Two major subpopulations of NK cells have been identified in humans: CD56bright and CD56dimCD16+. CD56bright NK cells are considered developmentally less mature but secrete most of the cytokines discussed earlier. CD56dimCD16+ NK cells represent more mature NK cells, and possess more potent cytolytic capability compared with the CD56bright subset. Approximately 10% of healthy peripheral blood mononuclear cells (PBMCs) are NK cells, and, of these ~5% to 10% are CD56bright with the remaining cells belonging to the CD56dimCD16+ subpopulation. However, patients with prostate cancer, and non–muscle-invasive (NMI) bladder cancer (BlCa), have increased frequencies of circulating NK cells,5,6 suggesting that genitourinary tumors can elicit an immune response in the periphery. Furthermore, infiltration of CD56bright NK cells has been associated with improved survival in both BlCa and renal cell carcinoma (RCC).7-9
As mentioned earlier, unlike T cells, NK cells do not recognize specific peptide antigens, and instead detect the presence or absence of class I HLA. However, loss of HLA in the presence of additional inhibitory signals elicits a suboptimal effector response, whereas HLA expression in the context of strong activating signals can elicit a strong response.10 The magnitude of NK-cell functional responses is calibrated by integrating stimulatory and inhibitory signals delivered through a diverse array of accessory receptors. Three such inhibitory receptors, NKG2A, Tim-3, and TIGIT (T-cell immunoreceptor with immunoglobulin and ITIM domains), are expressed by NK cells in solid tumors (Fig. 2), with Tim-3 expression reported as anticorrelated with survival in patients with BlCa.11-14 When NKG2A binds its ligand, the noncanonical class I molecule HLA-E expressed on tumor cells, phosphorylation of its cytosolic ITIM occurs, followed by recruitment of the SHP-1 phosphatase. SHP-1 can then prevent phosphorylation of the stimulatory motifs associated with neighboring activating receptors.15 This process ultimately results in suppression of NK-cell effector functions. Tim-3 binds multiple ligands expressed on both tumor cells and immune cells, including soluble galectin-9 and HMGB1, phosphatidylserine on apoptotic cells, and CEACAM-1.16 Unlike many other inhibitory receptors, Tim-3 does not contain an ITIM motif but uses the adaptor protein Bat3 to mediate suppression of NK-cell function. In addition, TIGIT mediates NK-cell inhibition via canonical ITIM signaling like NKG2A; however, it shares the ligands CD112 and CD155 with the activating receptor DNAM-1 (CD226). This competition to bind shared ligands provides another layer of control in tuning the NK-cell response. The inhibitory receptor programmed cell death protein 1 (PD-1), although highly relevant in the context of immune checkpoint blockade (ICB) therapy, is predominantly expressed by tumor-resident T cells, with minimal expression by NK cells.

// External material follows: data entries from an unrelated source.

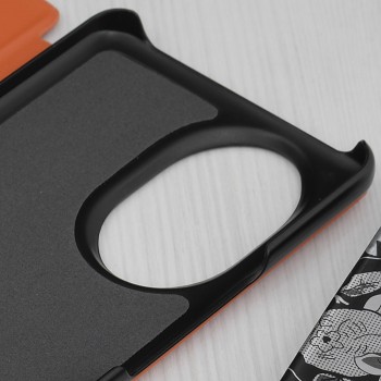 Pouzdro se pyšní sofistikovaným designem s texturou připomínající kůži v teplém oranžovém odstínu. Jeho flipové provedení chrání displej telefonu před poškrábáním a nárazy. Jedinečným prvkem je průhledný vertikální pruh na přední straně, který umožňuje rychlý náhled na čas, datum a notifikace, aniž byste museli pouzdro otevírat. Precizní výřezy zajišťují bezproblémový přístup ke všem konektorům, mikrofonům, reproduktorům a fotoaparátům, zatímco tlačítka si zachovávají jistý stisk. Pouzdro lze navíc snadno složit do praktického stojánku, což oceníte při sledování videí nebo videohovorech.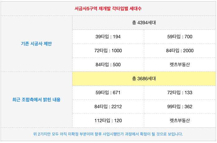 아래 평형 타이별 세대수는 기존 시공사 제안안과 84타입이상을 대폭 늘린 최근 조합측에서 밝인 제안안 으로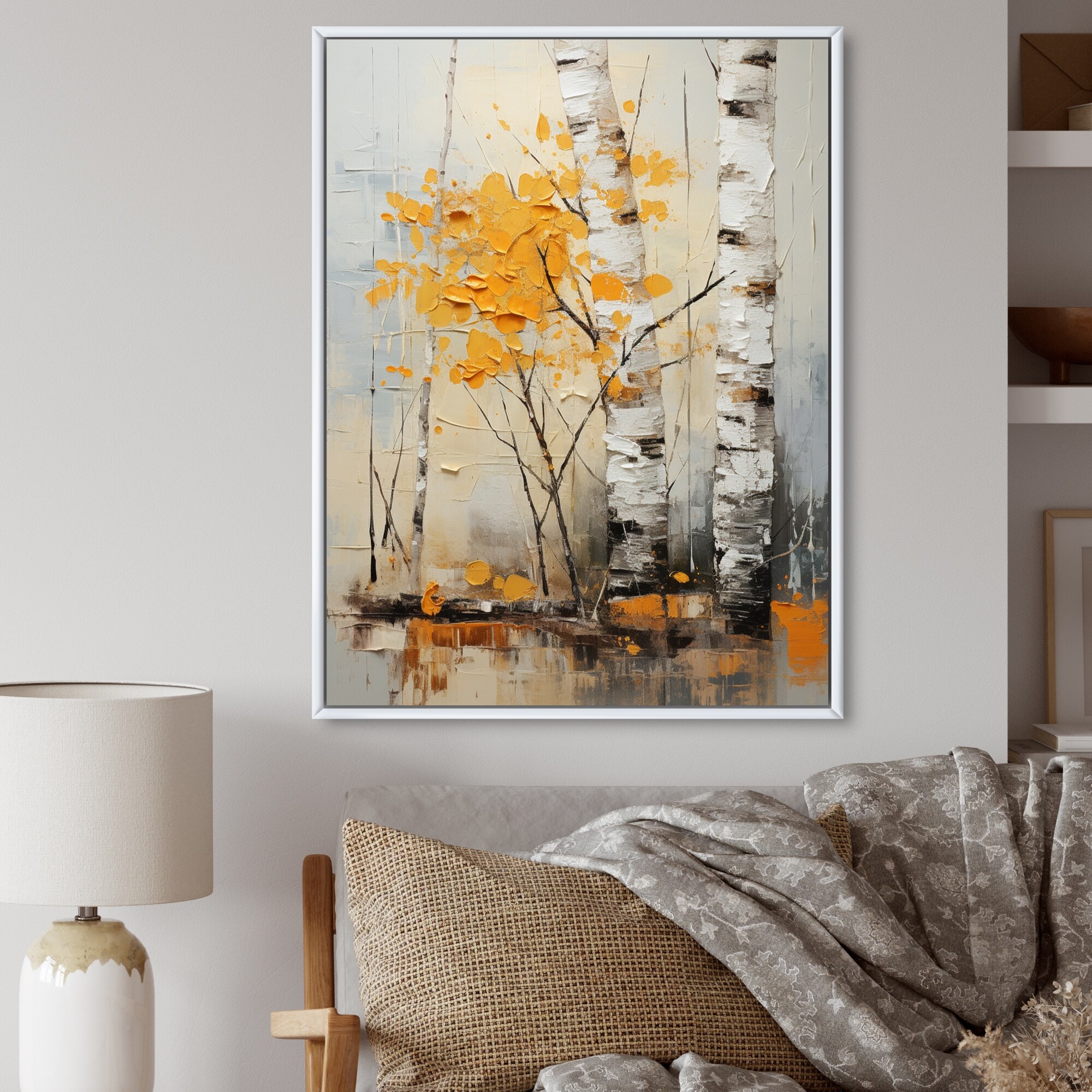 Designart "Birch Woods Autumn Tapestry II" Tree Birch Framed Wall Art Prints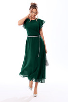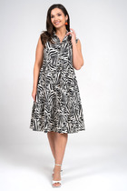 Стильное летнее платье свободного силуэта с коротким втачным рукавом. Оригинальная обработка горловины придает платью неповторимый шарм. По низу платье дополнено сборкой на эластичную тесьму, что придает легкий объем. По спинке застежка на пришивную пуговицу. В боковых швах расположены удобные карманы. Длина платья от плечевого шва 128см. Длина рукава 20см.

NATURAL KILLER CELLS IN BLADDER CANCER
Natural Killer Cells Infiltrate Bladder Tumors
Most studies of tumor-infiltrating lymphocytes (TILs) in BlCa have focused on T cells, with much recent attention appropriately focused on the role of the PD-1–programmed death-ligand 1 inhibitory axis, and ICB approaches to ameliorate it.17-19 However, a recent study profiling 50 NMI and muscle-invasive (MI) bladder tumors suggests that ~25% of the immune infiltrate is made up of NK cells, making them the most frequent lineage examined.7 In addition, despite this small cohort, a statistically significant correlation was found between the frequency of CD56bright NK cells and overall survival (OS).7 Importantly, in healthy bladder,20,21 and in noninvolved bladder tissue from cystectomy specimens (Farkas, 2020; unpublished observations), NK cells represent a much smaller component of the resident immune cells. This finding suggests that NK cells can specifically infiltrate and conduct immunosurveillance of bladder tumors, making them rational targets for immunotherapeutic modulation.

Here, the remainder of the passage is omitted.